Directions for this task: Restate the data below word for word. Leave the images out.

*** Recorded information ***

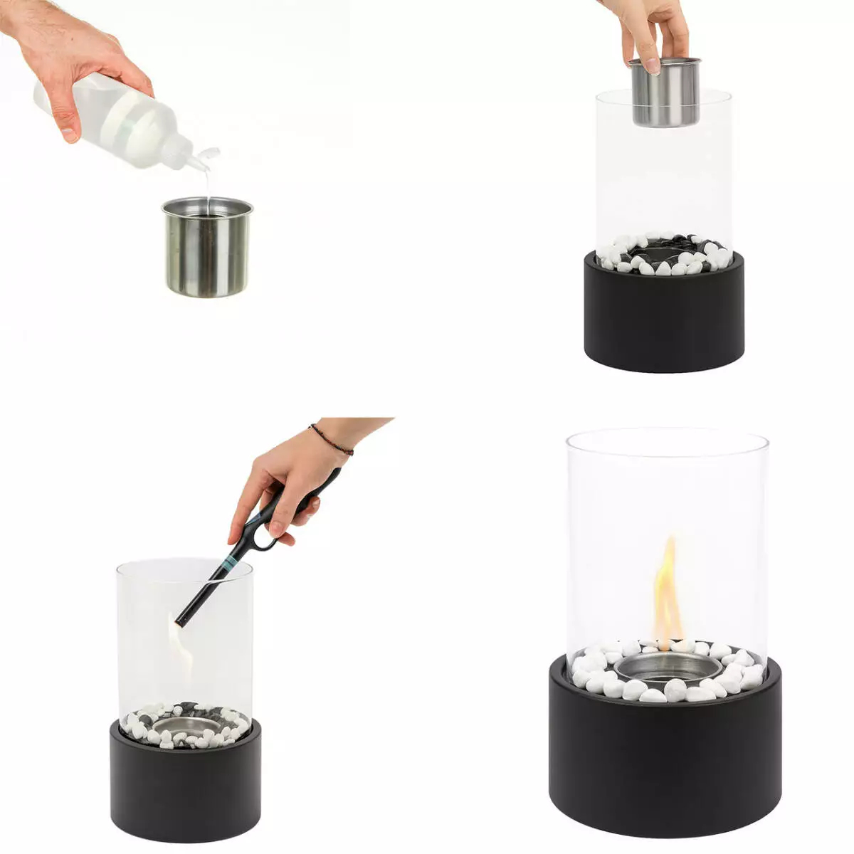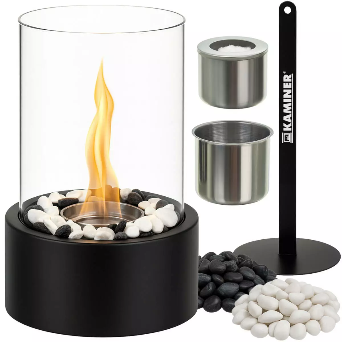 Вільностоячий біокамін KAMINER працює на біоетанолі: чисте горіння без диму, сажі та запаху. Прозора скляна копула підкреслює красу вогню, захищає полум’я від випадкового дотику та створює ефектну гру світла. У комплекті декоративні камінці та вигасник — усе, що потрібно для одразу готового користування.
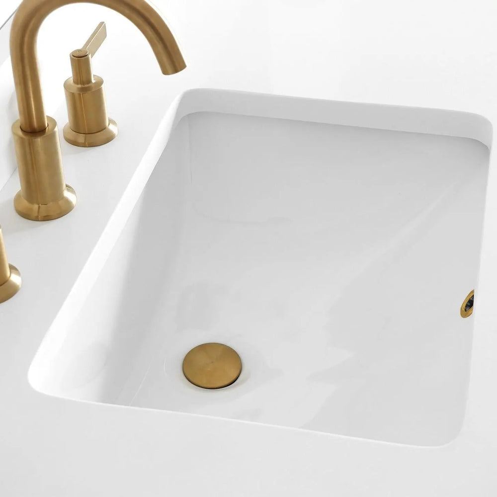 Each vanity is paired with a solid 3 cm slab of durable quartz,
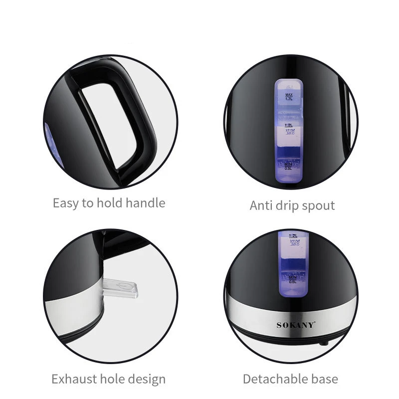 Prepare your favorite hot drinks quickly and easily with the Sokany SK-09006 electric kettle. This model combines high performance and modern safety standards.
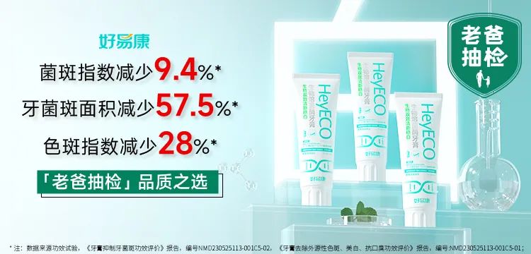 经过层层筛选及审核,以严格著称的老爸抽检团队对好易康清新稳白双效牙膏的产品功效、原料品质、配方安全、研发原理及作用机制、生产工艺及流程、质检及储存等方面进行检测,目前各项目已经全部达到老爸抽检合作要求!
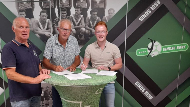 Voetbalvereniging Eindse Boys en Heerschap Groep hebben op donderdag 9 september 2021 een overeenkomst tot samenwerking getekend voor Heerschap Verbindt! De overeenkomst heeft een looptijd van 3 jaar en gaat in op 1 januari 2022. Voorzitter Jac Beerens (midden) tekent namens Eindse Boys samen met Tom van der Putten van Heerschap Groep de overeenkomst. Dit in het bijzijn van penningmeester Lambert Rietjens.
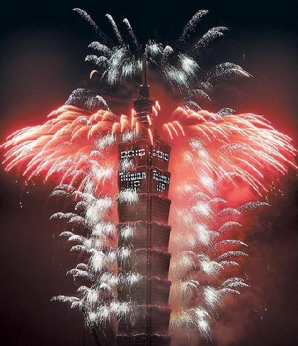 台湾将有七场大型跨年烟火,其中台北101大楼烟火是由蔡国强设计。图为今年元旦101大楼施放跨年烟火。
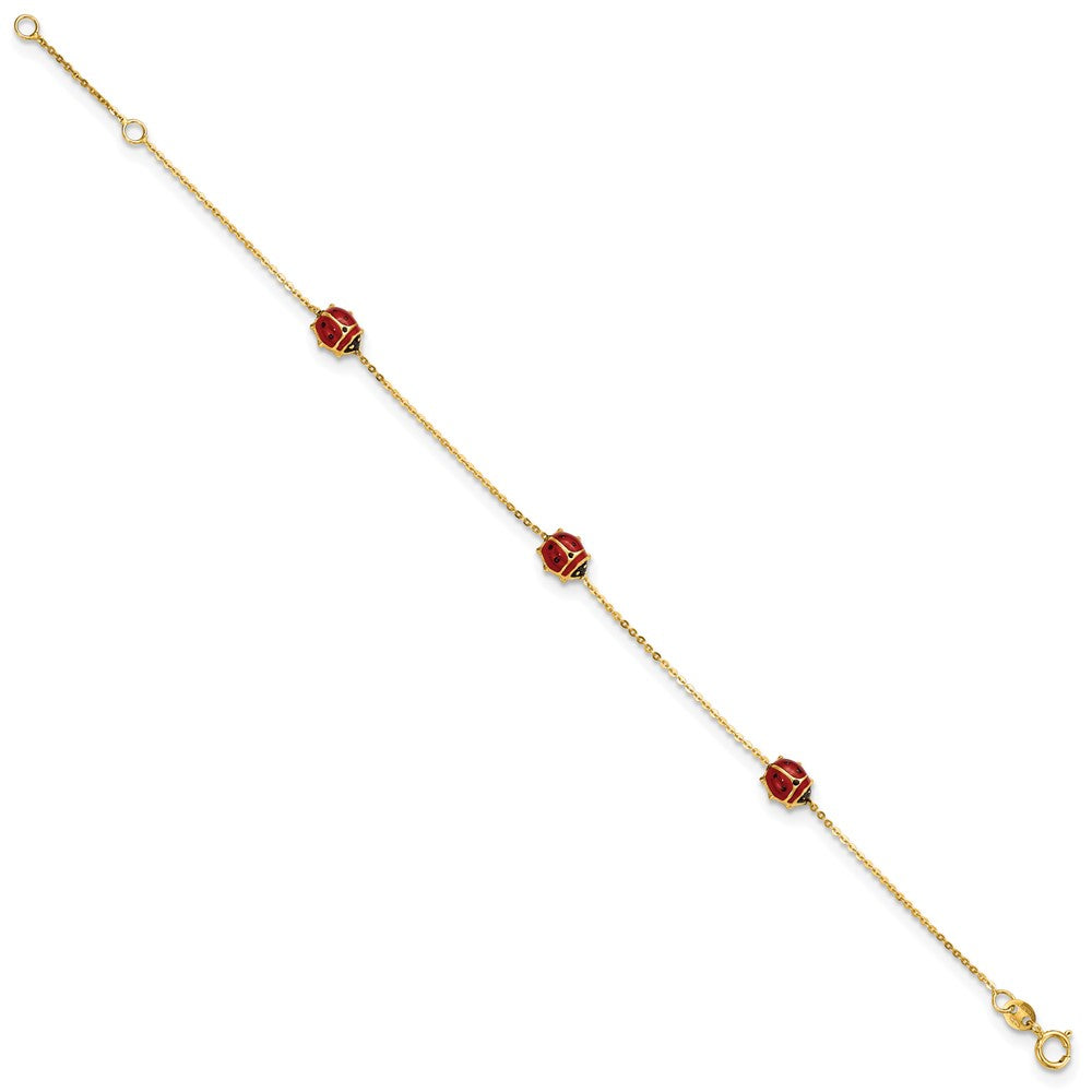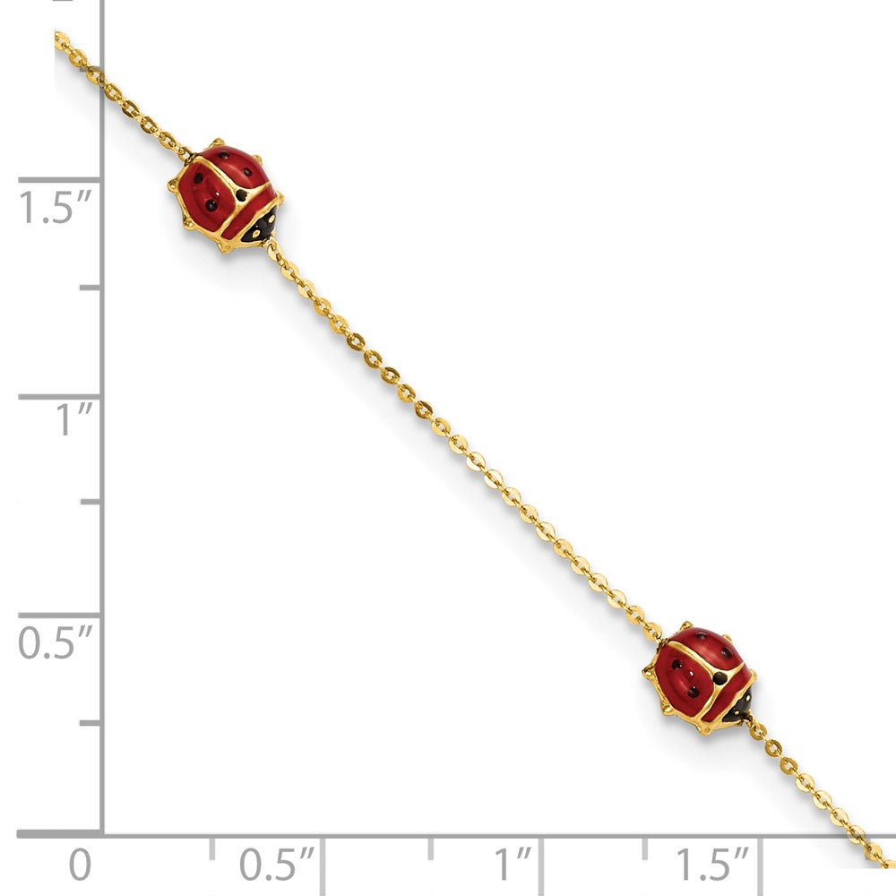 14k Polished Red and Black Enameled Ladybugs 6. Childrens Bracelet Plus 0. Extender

***

Result of the task:
 Вільностоячий біокамін KAMINER працює на біоетанолі: чисте горіння без диму, сажі та запаху. Прозора скляна копула підкреслює красу вогню, захищає полум’я від випадкового дотику та створює ефектну гру світла. У комплекті декоративні камінці та вигасник — усе, що потрібно для одразу готового користування.
 Each vanity is paired with a solid 3 cm slab of durable quartz,
 Prepare your favorite hot drinks quickly and easily with the Sokany SK-09006 electric kettle. This model combines high performance and modern safety standards.
 经过层层筛选及审核,以严格著称的老爸抽检团队对好易康清新稳白双效牙膏的产品功效、原料品质、配方安全、研发原理及作用机制、生产工艺及流程、质检及储存等方面进行检测,目前各项目已经全部达到老爸抽检合作要求!
 Voetbalvereniging Eindse Boys en Heerschap Groep hebben op donderdag 9 september 2021 een overeenkomst tot samenwerking getekend voor Heerschap Verbindt! De overeenkomst heeft een looptijd van 3 jaar en gaat in op 1 januari 2022. Voorzitter Jac Beerens (midden) tekent namens Eindse Boys samen met Tom van der Putten van Heerschap Groep de overeenkomst. Dit in het bijzijn van penningmeester Lambert Rietjens.
 台湾将有七场大型跨年烟火,其中台北101大楼烟火是由蔡国强设计。图为今年元旦101大楼施放跨年烟火。
 14k Polished Red and Black Enameled Ladybugs 6. Childrens Bracelet Plus 0. Extender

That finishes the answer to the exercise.